5. Non può darsi luogo alle pur richieste sanzioni previste dall’art. 4, comma 3 del d.lgs. n. 198 del 2009 quali l’invio agli organismi di regolazione e controllo del settore interessato, alla Commissione ed all’Organismo di cui alla legge n. 150 del 2009, alla procura regionale della Corte dei Conti per i casi in cui emergono ipotesi di danno all’erario per l’eventuale adozione dei provvedimenti di competenza, a causa del susseguirsi delle norme che hanno interessato il settore pensionistico finendo per coinvolgere anche il particolare regime sperimentale dell’Opzione Donna introdotto dall’art. 1, comma 9 della legge n. 243/2004, confermato dal d.l. n. 201/2011 cd. Decreto salva Italia a seguito del quale si è succeduta una non semplice sequenza di disposizioni normative pure sopra citate.

Ciò fermo restando, il ricorso va accolto in parte con l’effetto che l’INPS dovrà adottare i necessari provvedimenti per fornire una risposta alle istanze delle interessate a mente della Carta di Servizi della quale lo stesso Istituto si è peraltro dotato.

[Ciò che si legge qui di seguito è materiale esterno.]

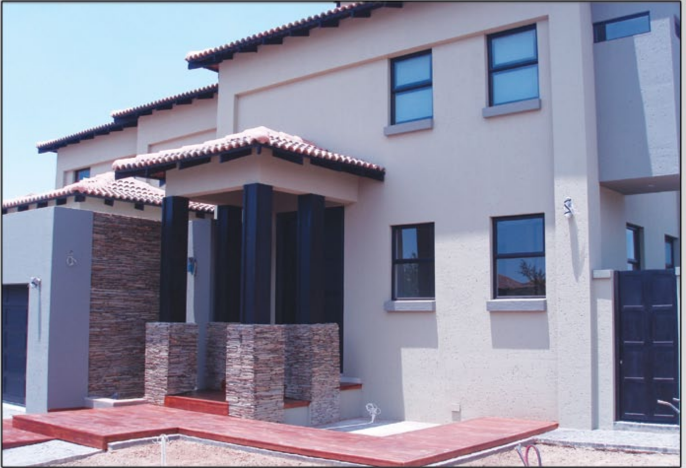
Liquid Naturals is available in 48 Natural colours to suit your building surroundings.
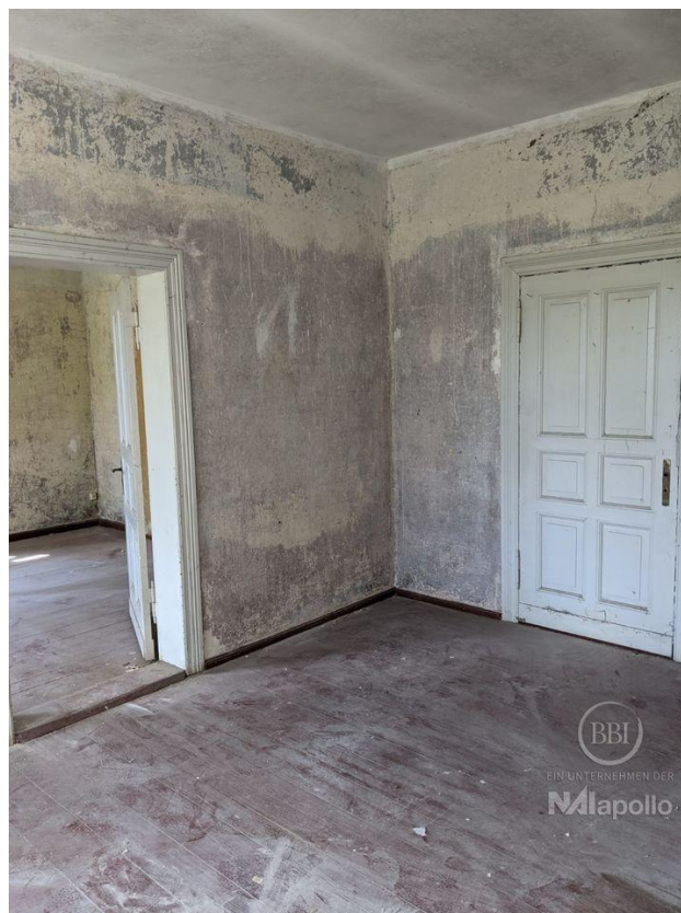
innen - vor Sanierung (3)
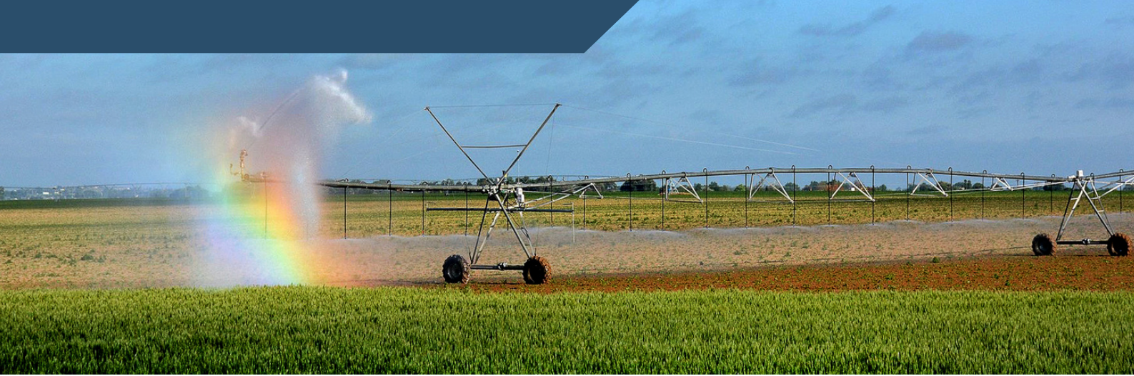
Weld County Farm
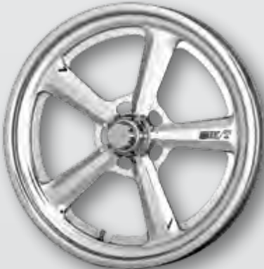
17" Dragster Front

One piece, fully forged and CNC-machined drag racing wheels offering the lightest practical weight and the greatest strength available from any aluminum wheel today.
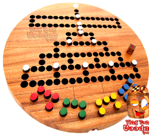
Barricade Malefiz as round game board version from Monkeypod wood Thailand Chiang Mai
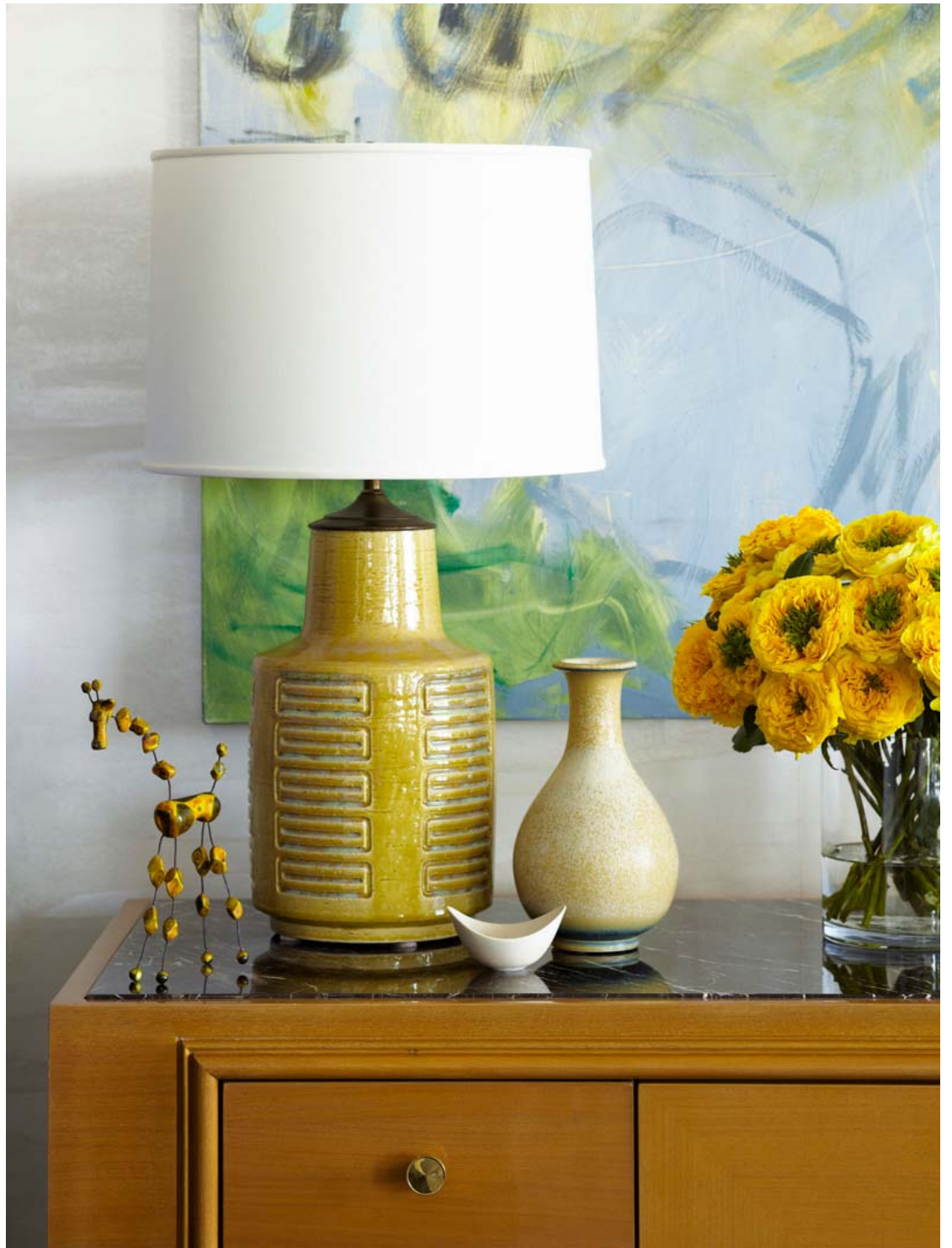
Custom Buffet by Mendelson Group fabricated by Attinello Furniture
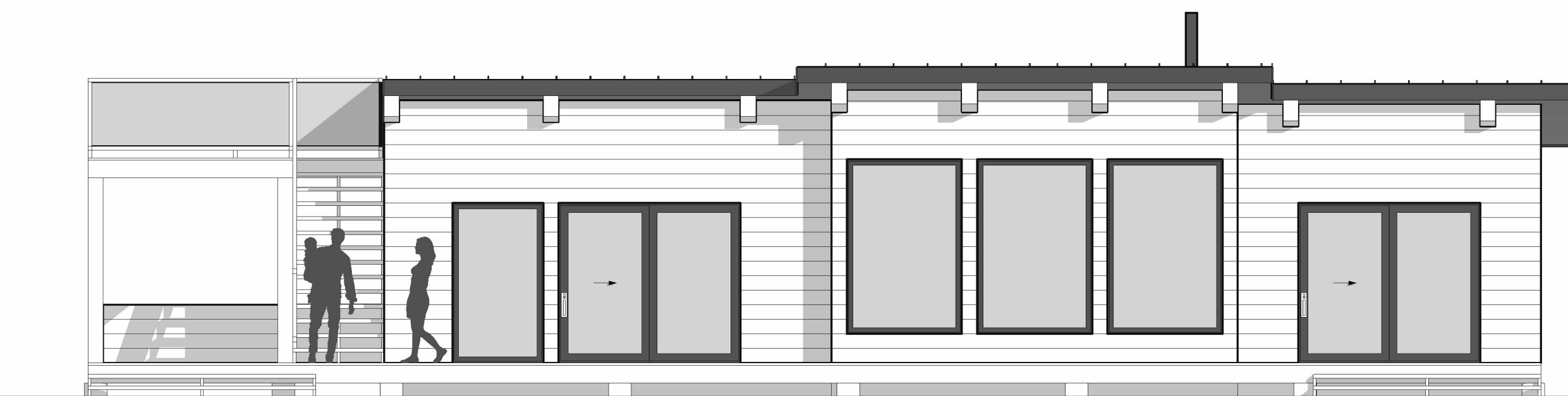
E3 Elevation 3 - RD 3/16" = 1'-0"
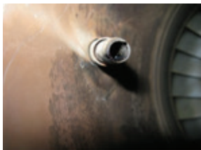
Eastman Turbo Oil 2197
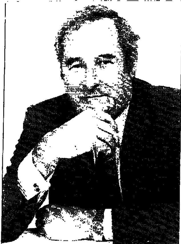
The superspy's creator, Gérard de Villiers.

blood, the recipe for Malko's subsequent success has been simple: Mix violence, sex and travel with attention to detail. The French literary world, often precious and elitist, looks down on de Villiers's efforts, often crude and rightist. He returns the favor.

5. L’accoglimento solo parziale del ricorso consente di ritenere equi i motivi per la compensazione delle spese di giudizio tra le parti costituite.

 

P.Q.M.

 

Definitivamente pronunciando sul ricorso, come in epigrafe proposto, lo accoglie in parte e per l’effetto dispone come in motivazione indicato e per il resto lo respinge.

Spese compensate.

Ordina che la presente sentenza sia eseguita dall'autorità amministrativa.